Gasdermins (GSDMs) mediate the pathological type of programmed cell death known as pyroptosis. As a unique category of cell death, pyroptosis consists of the process of cell swelling, lysis, as well as the eventual release of inflammatory cytokines [6]. With GSDMs and cancer types in mind, pyroptosis plays a variety of multidimensional and context-specific functions in carcinogenesis, cancer proliferation, and anti-tumor immunity [7]. GSDMs is a family of proteins that contains six members, namely GSDMA, GSDMB, GSDMC, GSDMD, GSDME, and DFNA5 [8]. According to reports, GSDMC has an oncogenic role that might enhance tumor cell proliferation during CRC carcinogenesis [9]. GSDME is regarded as a tumor suppressor gene in CRC, and its expression is markedly reduced in colon cancer tissues [10]. The development of colitis-associated CRC may, however, be aided by GSDME-mediated pyroptosis, according to a recent study [11]. According to studies, the tumor-suppressing effects of GSDME depended on immunological surveillance, which could improve anti-tumor immunity by causing tumors to undergo inflammatory pyroptosis rather than non-inflammatory cell death, which is mediated by NK and CD8⁺ T killer cells [12]. Although pyroptosis still possesses an underlying association with anti-cancer immunity, growing numbers of evidence suggest that pyroptosis-mediated tumor eradication was accomplished by stimulating the immune system [13]. Intriguingly, some chemotherapeutic drugs can enhance their effectiveness via inducing pyroptosis through caspase-3 cleavage of GSDME and activating anti-tumor immunity [14, 15]. Patients with advanced CRC may benefit from immunotherapy, a potent therapeutic approach that relies on anti-tumor immunity [16]. In recent years, the investigations involving pyroptosis and cancers have provided novel research insights for the prevention and intervention of cancers. The relationship between genes related to pyroptosis and the prognosis and anti-tumor immunity of COAD patients still exists, nevertheless.

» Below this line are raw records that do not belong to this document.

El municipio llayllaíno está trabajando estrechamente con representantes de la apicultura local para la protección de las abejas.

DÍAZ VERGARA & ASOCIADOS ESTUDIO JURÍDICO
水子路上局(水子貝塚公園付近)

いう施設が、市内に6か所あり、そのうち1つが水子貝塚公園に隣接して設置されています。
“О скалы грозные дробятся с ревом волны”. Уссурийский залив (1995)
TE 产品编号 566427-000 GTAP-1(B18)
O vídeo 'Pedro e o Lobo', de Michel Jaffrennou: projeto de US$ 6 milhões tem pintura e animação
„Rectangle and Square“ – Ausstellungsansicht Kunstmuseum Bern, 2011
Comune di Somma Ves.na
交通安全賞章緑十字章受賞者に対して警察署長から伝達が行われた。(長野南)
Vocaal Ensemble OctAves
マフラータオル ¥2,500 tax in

Although it lacks a coding function, long non-coding RNA (lncRNA), whose RNA transcript is longer than 200 nucleotides, is an essential regulator of gene transcription and post-transcriptional modification [17]. LncRNA has significant potential for diagnostic and prognostic applications. For example, Zhang et al. developed a prognostic lncRNA profile linked to cuproptosis that can forecast immunotherapy response in hepatocellular carcinoma patients [18]. Besides, lncRNA also has excellent application prospects in the diagnosis prediction of Epstein-Barr Virus-associated cancers [19]. As a major factor in controlling tumor immunity, lncRNAs have been shown to control inflammation and take part in the production of immune genes, which has an impact on the tumor immune microenvironment [20]. At the same time, the crucial role that lncRNAs can successively mediate cell pyrolysis has also been verified [21]. Pyroptosis-associated lncRNAs have been linked to tumor immunity in COAD, although their prognostic values and biomarker functions have not yet been documented.

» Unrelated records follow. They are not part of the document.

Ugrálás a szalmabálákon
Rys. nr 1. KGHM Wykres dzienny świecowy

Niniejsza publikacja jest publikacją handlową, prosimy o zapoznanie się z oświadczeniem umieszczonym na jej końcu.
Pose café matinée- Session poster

Our study is the first to identify pyroptosis-related lncRNAs associated with the prognosis of patients with COAD and investigate their effects on tumor immune infiltration. We also developed an engineering predictive prognosis signature, providing valuable insights for future therapeutic interventions. Additionally, our experimental data confirmed the expression levels of differential pyroptosis-related lncRNAs in COAD.

2. MATERIALS AND METHODS

2.1. Data Processing and Pyroptosis-related lncRNA

The TCGA database yielded a total of 473 cases of colon adenocarcinoma. Patients with COAD who lacked complete clinical or survival data (n=21) were removed. Also, the following study contained 452 samples altogether (Table 1). According to their Ensembl IDs, genes were briefly divided into protein-coding and non-coding genes [22]. From GENCODE, the GRCH37 long non-coding RNA annotation file was retrieved. From previously published literature, 52 genes associated with pyroptosis were found [23]. To investigate the relationship between 52 pyroptosis-related genes and 14086 lncRNAs, we used Pearson correlation analysis. In the end, 1730 lncRNAs associated with pyroptosis were verified with correlation coefficients |Cor| > 0.4 and P-0.01.

Table 1.

Basic clinical information of all 452 COAD patients from TCGA cohort.

Variables	TCGA Cohorts (n=452)
Age	67.09±13.00
Gender
Female Male	214 (47.3%) 238 (52.7%)
Pathologic Stage
I & II III & IV Unknow	254 (56.2%) 187 (41.4%) 11 (2.4%)
AJCC-T
T1 T2 T3 T4	11 (2.4%) 77 (17.0%) 308 (68.1%) 56 (12.4%)
AJCC-N
N0 N1-N3	372 (82.3%) 80 (17.7%)
AJCC-M
M0 M1 Unknow	334 (73.9%) 62 (13.7%) 56 (12.4%)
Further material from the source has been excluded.